Your answer should hold exactly the lines below from the line with "Gibson Elite Holland" through the line with "意味不明あだ名 | 『ペロリンだーしも』『永久保存だーしも』 |", both included, and no pictures at all.

Data to process Start Marker

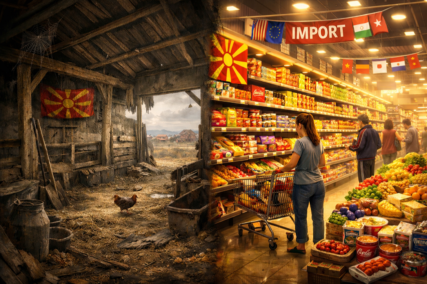 Економските аналитичари предупредуваат дека оваа појава не е случајна. Кога домашниот производител е притиснат од високи влезни трошоци и несигурен откуп, просторот го пополнува увозната стока.
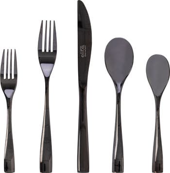 Gibson Elite Holland Road 20 Piece Black Stainless Steel Flatware Set, Alternate, color, Black
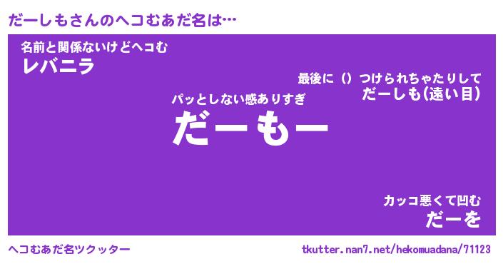 | 意味不明あだ名 | 『ペロリンだーしも』『永久保存だーしも』 |
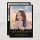 Send your family and friends a unique personalised photo graduation announcement to wow them. This modern template design features your photo framed in black and below in faux gold script is the word "Graduate" with your name, school and year to personalise accented by a black graduation cap. The back of the card has a 2nd photo with graduation details from parents. Designed by Susan Coffey.
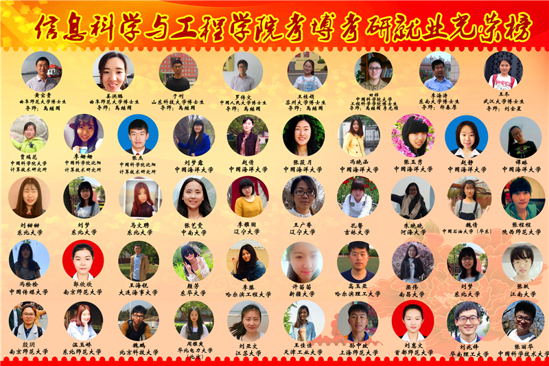 遵从“学而不厌,诲人不倦”的校训,我院本着注重提升学生个人综合素质的教学宗旨,培养出2016届优秀毕业生。在以往的基础上,我院今年考博考研就业的人数有所提升,其中,考取博士生8人,研究生79人,辽宁省气象信息中心1人,京东尚科信息技术有限公司1人,审计署驻济南特派办1人,临沂国税局1人,青岛国税局1人,烟台国税局1人,德州国税局1人。

Data to process End Marker

Response to the exercise:
 Gibson Elite Holland Road 20 Piece Black Stainless Steel Flatware Set, Alternate, color, Black
 | 意味不明あだ名 | 『ペロリンだーしも』『永久保存だーしも』 |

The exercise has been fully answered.